There are three main measures of central tendency:
Measures of Central Tendency:
Mean: is the sum of observations divided by the total number of
observations. It is also defined as average which is the sum divided by
count.
xˉ=∑x/n
where ,
x = Observations
n = number of terms
Example:
import numpy as np
# Sample Data
arr = [5, 6, 11]
# Mean
mean = np.mean(arr)
print ("Mean = ", mean)
Output
Mean = 7.333333333333333
Mode: The most frequently occurring value in the dataset. It’s useful
for categorical data and in cases where knowing the most common
choice is crucial.
Example:
import statistics
# sample Data
arr = [1, 2, 2, 3]
# Mode
m = statistics.mode(arr)
print("Mode = ", mode)
Output:
Mode = ModeResult(mode=array([2]), count=array([2]))

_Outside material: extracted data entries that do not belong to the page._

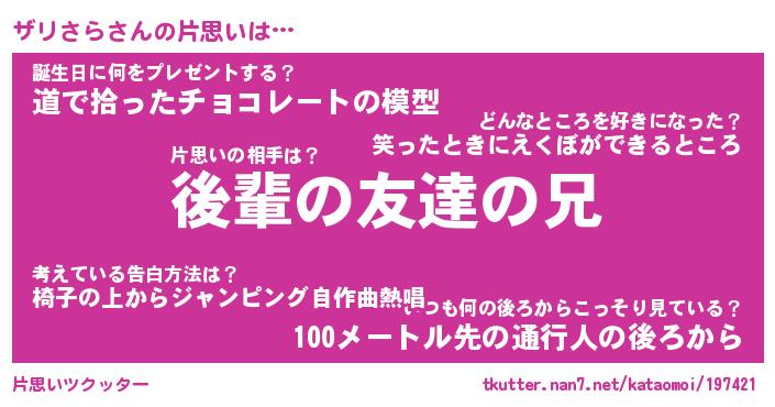 | 意味不明あだ名 | 『ペロリンザリさら』『永久保存ザリさら』 |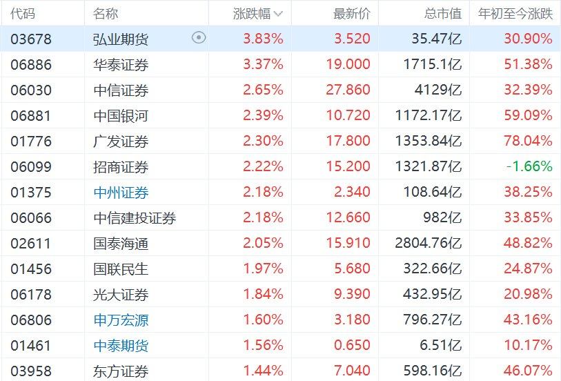富拓外汇平台:港股异动丨行业迎重磅利好!中资券商股集体高开,华泰证券涨超3%
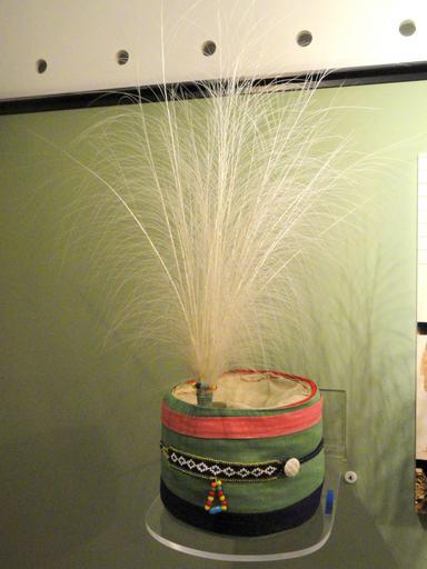 Keywords: Turban, Seminole, cotton with egret plume, collected in 1936 - Native American collection - Peabody Museum, Harvard University - DSC05506.JPG Turban Seminole cotton with egret plume collected in 1936 Exhibit from the Native American Collection Peabody Museum Harvard University Cambridge Massachusetts USA Photography was permitted without restriction; exhibit is old enough so that it is in the public domain Daderot 2012-03-18 13 26 24 Daderot cc0 cc0 Native American Collection Peabody Museum Harvard University Seminole tribe Native American headgear Turbans Unidentified Ardeidae taxidermied Feather accessories Native American feather art |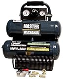 Master Mechanic, 2 Gallon, Twin Tank, Air Compressor, 2A, .33 HP, 1.0 SCFM @ 40 PSI, .50 SCFM @ 90 PSI, Hybrid Induction Type Motor For Long Life & Quiet Operation 75dB, 100 PSI Maximum, Oil Free Compressor, Lightweight/Portable, Low Profile Stable Design On Rooftops Or When Transporting, Includes: 25' Polyurethane Coil Air Hose, 1/4" Female Coupler, Two 1/4" Male Fitting, Tire Inflator, Air Blower, Air Blower Adaptor, Inflating Nozzle & Inflating Needle, 1 Year Warranty.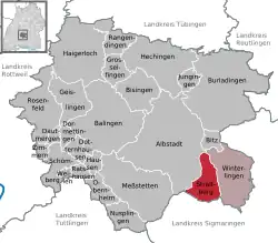 9, though a portion of the municipality is located in the Großer Heuberg to the west. Elevation above sea level in the municipal area ranges from a high of 901 meters (2,956 ft) Normalnull (NN) to a low of 630 meters (2,070 ft) NN.[3]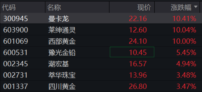 A股市场上,黄金珠宝板块持续活跃,莱绅通灵、西部黄金等多只个股涨停。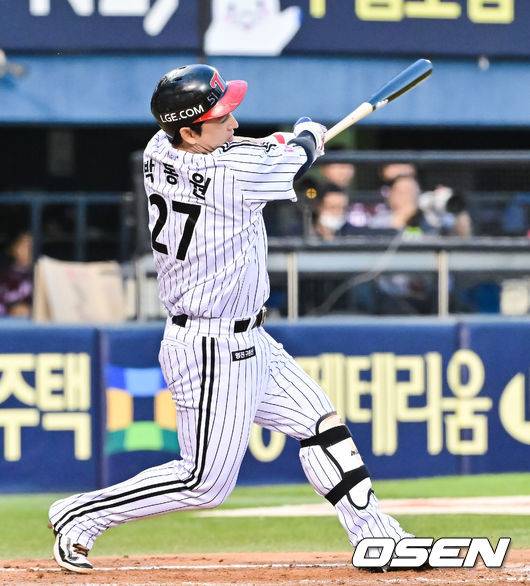 4회말 LG 선두타자 박동원이 2루타를 날리고 있다. 2025.07.10 / soul1014@osen.co.kr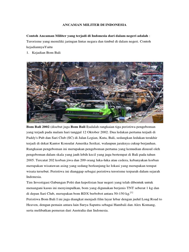 Contoh ancaman militer di indonesia. Pelanggaran wilayah contohnya. Dibawah ini adalah penjelesan mengenai ancaman militer dari pengertian jenis jenis contohnya. Contoh ancaman militer ancaman pastinya menjadi suatu permasalahan yang bisa meresahkan masyarakat di suatu negara. Contoh ancaman militer 1. Contoh ancaman militer dan non militer di indonesia sebuah negara memiliki tingkat ancaman yang berbeda beda baik ancaman militer maupun non militer. Dan acaman non militer itu juga bisa datang kapan saja dan dampaknya bisa berbahaya karena bisa merusak moral bangsa dan juga sendi sendi kehidupan masyarakatnya.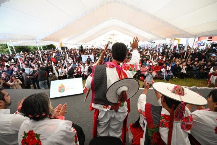 Durante el encuentro, Ramírez Aguilar también entregó becas Rosario Castellanos, distribuyó kits invernales a personas en condiciones de vulnerabilidad, anunció acciones de infraestructura educativa y de agua potable, y recorrió el aula móvil de capacitación para el empleo, así como las unidades de servicios médicos.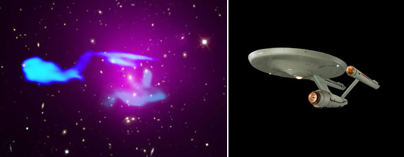 The resemblance to the Enterprise was described this way: “A detailed study of the image shows that the energy of the electrons in the ‘saucer section’ and neck of the starship-shaped radio emission in Abell 1033 is higher than that found in the stardrive section towards the lower left (see labels). This suggests that the electrons have been re–energized, presumably when the jets interact with turbulence or shock waves in the hot gas. The energetic electrons producing the radio emission will normally lose substantial amounts of energy over tens to hundreds of millions of years as they radiate. The radio emission would then become undetectable. However, the vastly extended radio emission observed in Abell 1033, extending over about five hundred thousand light years, implies that energetic electrons are present in larger quantities and with higher energies than previously thought. One idea is that the electrons have been given a further boost in energy by extra bouts of shocks and turbulence.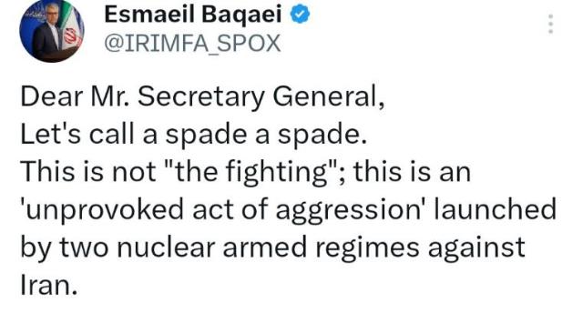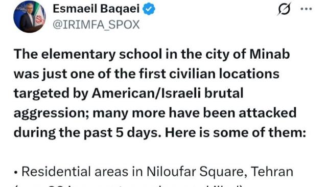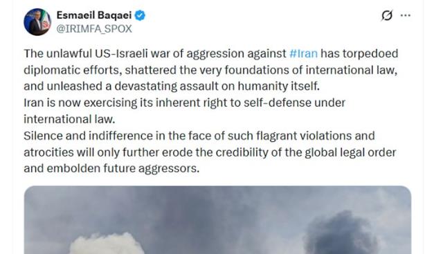 اسماعیل بقائی، سخنگوی وزارت امور خارجه طی پیامی در شبکه ایکس نوشت: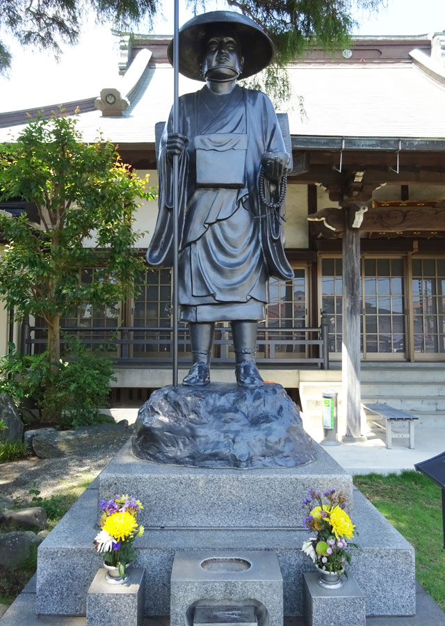 境内には弘法大師空海上人さまの修行像が参拝者を迎え入れて下さるように建立されております。 真言宗では法事、葬儀などのご供養、願い事の際はもちろん、日々感謝の念をもって弘法大師空海上人さまに対する御宝号「南無大師遍照金剛(なむだいしへんじょうこんごう)」をお唱えします。 参拝の折は、お大師様にお手をお合わせになり、感謝の気持ちをお伝え下さいませ。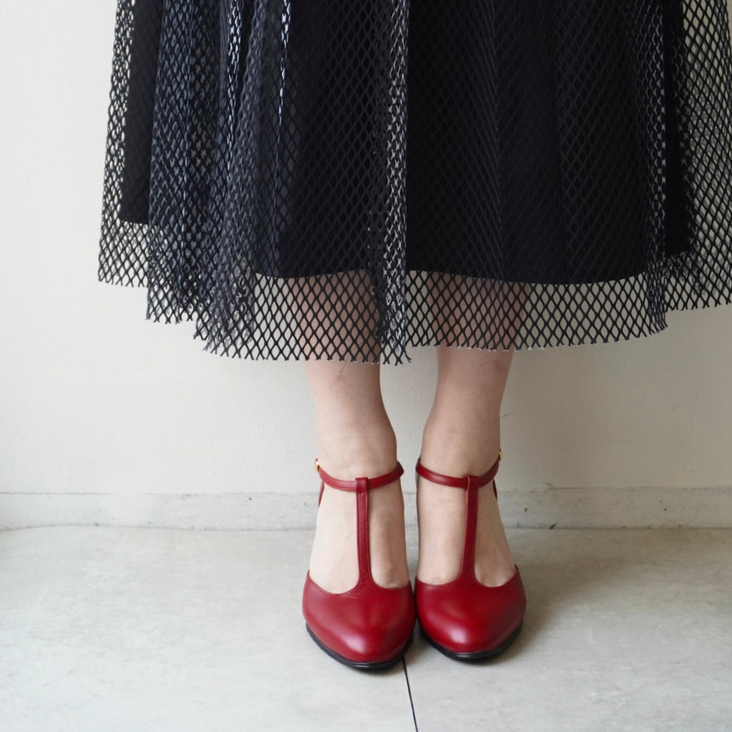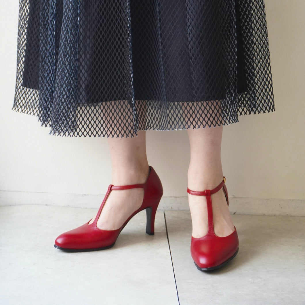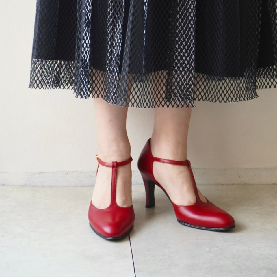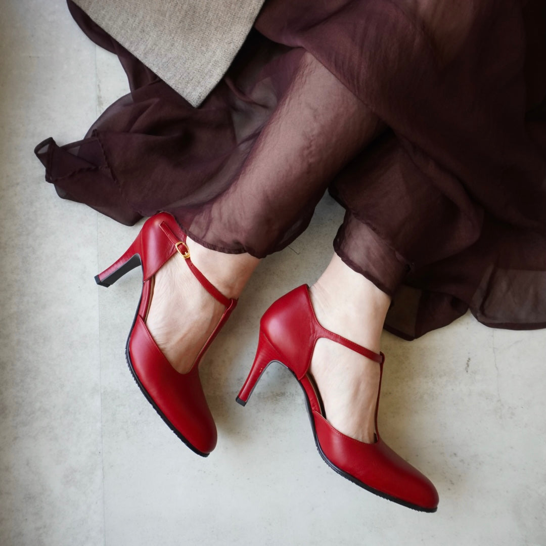 華奢なシルエットの美しさとTストラップで足を留める安定感が魅力のパンプス。
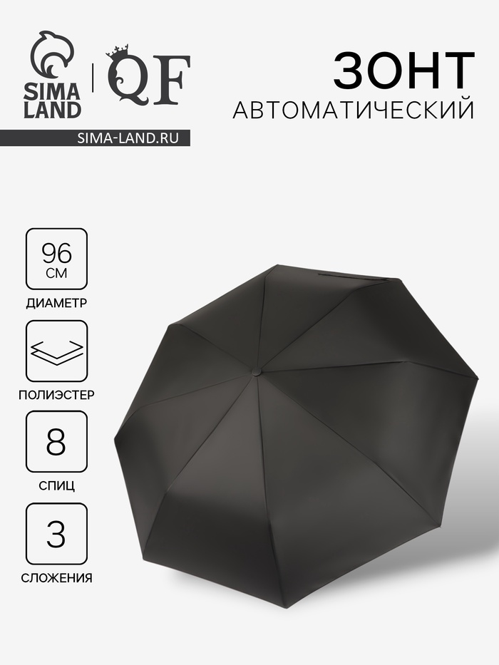 Зонт авт R48/55 8сп 3сл П/Э ОДНОТОН ручка-крюк с/рез черный пакет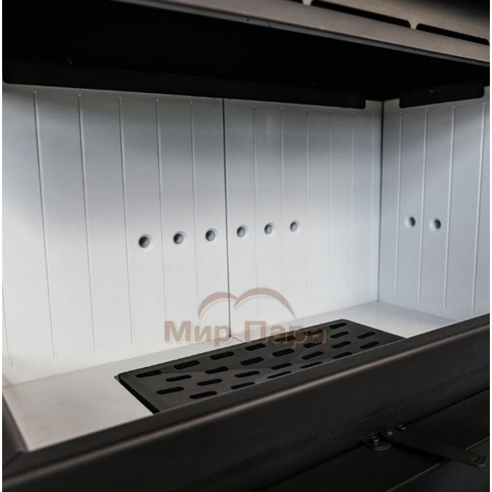 - Футеровка камеры сгорания материалом TERMOTEC белого цвета обеспечивает более длительное поддержание температуры и более эффективное сгорание, что повышает температуру в топке и способствует догоранию частиц топлива, сводя к минимуму вредные выбросы.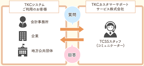 TKCカスタマーサポートサービス株式会社(TCSS)は、株式会社TKCの100%出資の子会社で、コールセンターサービスを専門にしています。TKCのシステムやサービスをご利用のユーザーからの問い合わせに電話やメールで回答することを業務としています。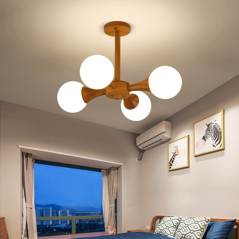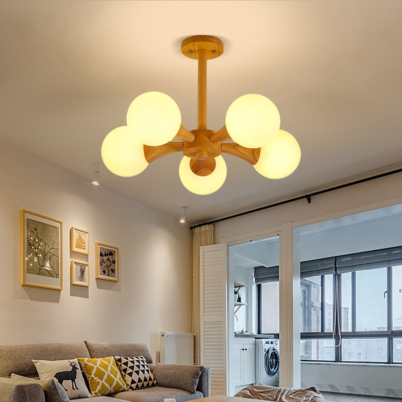 Nordic Chandelions Minimalist Modern Living Room Light Romantic Cozy Solid Wood Dining Room Light Day Style Creative Magic Bean Bedroom Lamps

Median: The median is the middle value in a sorted dataset. If the
number of values is odd, it's the center value, if even, it's the average
of the two middle values.
Example:
import numpy as np
# sample Data
arr = [1, 2, 3, 4]
# Median
median = np.median(arr)
print ("Median = ", median)
Output:
Median = 2.5
2. Measure of Variability:
Measures of variability, also called measures of dispersion, help us spot the
spread or distribution of observations in a dataset. They identifying outliers,
assessing model assumptions and understanding data variability in relation to its
mean. The key measures of variability include:
1. Range : describes the difference between the largest and smallest data point in
our data set. The bigger the range, the more the spread of data and vice versa.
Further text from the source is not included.